JPMorgan Chase is also under criminal investigation on the continent of Asia. It reports as follows in its 8K:
“India’s Enforcement Directorate (‘ED’) is investigating J.P. Morgan India Private Limited in connection with investments made in 2010 and 2012 by two offshore funds formerly managed by JPMorgan Chase entities into residential housing projects developed by the Amrapali Group (‘Amrapali’). In 2017, numerous creditors filed civil claims against Amrapali, including petitions brought by home buyers relating to delays in delivering or failure to deliver residential units. The home buyers’ petitions have been overseen by the Supreme Court of India and are ongoing. In August 2021, the ED issued an order fining J.P. Morgan India Private Limited approximately $31.5 million. The Firm is appealing the order and the fine. Relatedly, in July 2019, the Supreme Court of India issued an order making preliminary findings that Amrapali and other parties, including unspecified JPMorgan Chase entities and the offshore funds that had invested in the projects, violated certain currency control and money laundering provisions, and ordering the ED to conduct a further inquiry under India’s Prevention of Money Laundering Act (‘PMLA’) and Foreign Exchange Management Act (‘FEMA’). In May 2020, the ED attached approximately $25 million from J.P. Morgan India Private Limited in connection with the criminal PMLA investigation. The Firm is responding to and cooperating with the PMLA investigation.”
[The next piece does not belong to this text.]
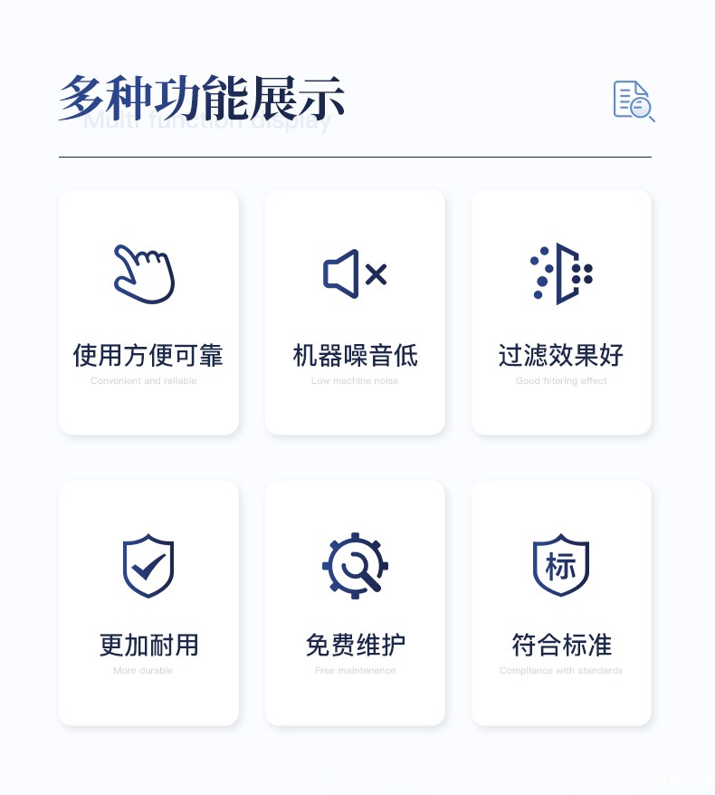 | 1.使用方便、可靠。 | 2.过滤后奶液可继续用于生产,降低成本。 | 3.噪音低,过滤效果好。 | 4.免维护设计,避免皮带维护麻烦。 | 5.耗材成本低。 | 6.改进电机,更耐用。 | 7.配套齐全,使用便捷。 |

Adding to JPMorgan’s legal tab this year, not to mention its humiliation, a Judge in May ruled that the bank has to pay the legal bills for Charlie Javice, the 31-year old woman that scammed the bank (which has the biggest law firms in the world on retainer), to buy her allegedly fraudulently trumped up company. Those legal bills could turn out to be quite hefty. Javice is facing a civil lawsuit filed by JPMorgan Chase as well as criminal charges filed by the U.S. Department of Justice.
The cases we have cited here are just the tip of the iceberg. The bank indicated in a recent SEC filing that it is involved in “several hundred” legal proceedings.